Massages, shower/bath for two, teasing, blindfolds, handcuffs, ice, slow sex, rough sex, drinks, lots of oral, dirty talking, sex outside, spanking...and anything else to surprise me!


----------



## 2ofus (Dec 25, 2012)

Jtaylor33 said:


> Ladies- If your husband was going to take charge for 24 hrs, what would you want from him? want him to do to you? for you?



Whatever he likes


----------



## EleGirl (Dec 3, 2011)

Jtaylor33 said:


> Guys- if you had 24 hrs of your wife submitting to you, she cant tell you know, what would you ask for? have her do? or do to her?
> 
> Ladies- If your husband was going to take charge for 24 hrs, what would you want from him? want him to do to you? for you?


I'm going to be a pain in the arse and ask by this is one way?

What about is our husband is submissive for 24 hours and cannot say no?

How about the wife gets to be in charge for 24 hours.
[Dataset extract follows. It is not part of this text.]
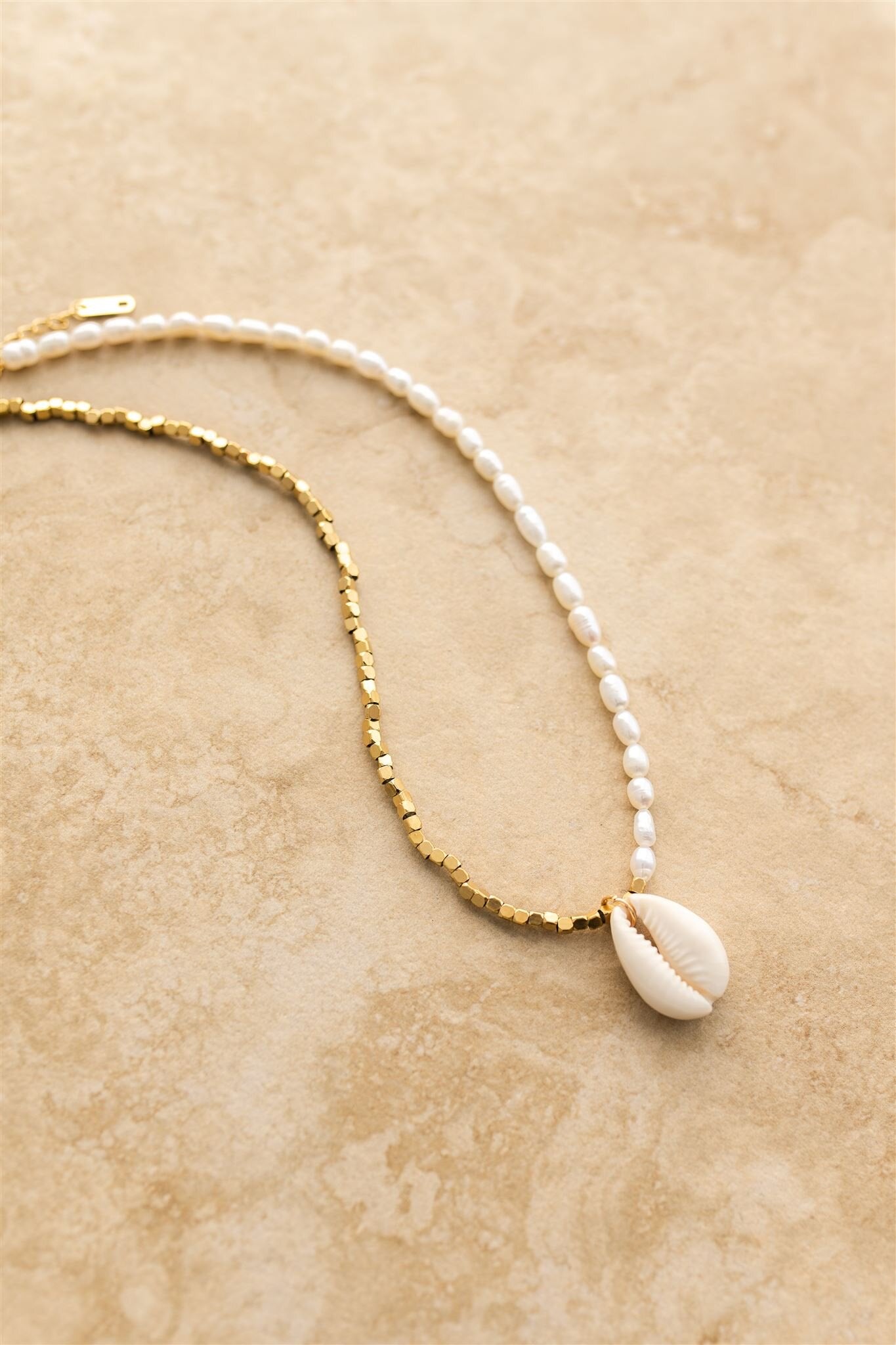A natural cowrie shell embraced by gold hues and fresh water pearls.

What would everyone want then?


----------



## Monet19 (Jan 19, 2013)

EleGirl said:


> I'm going to be a pain in the arse and ask by this is one way?
> 
> What about is our husband is submissive for 24 hours and cannot say no?
> 
> ...


As a wife, I would want my husband to wish for the same thing these men want because it's what I would love most!


----------



## Monet19 (Jan 19, 2013)

EleGirl said:


> I'm going to be a pain in the arse and ask by this is one way?
> 
> What about is our husband is submissive for 24 hours and cannot say no?
> 
> ...


Also depends on the man you married, mine is NOT the submissive type and would not enjoy the 'role reversal' or dominatrix act, but I like being 'taken' and spanked , so all would be fine!


----------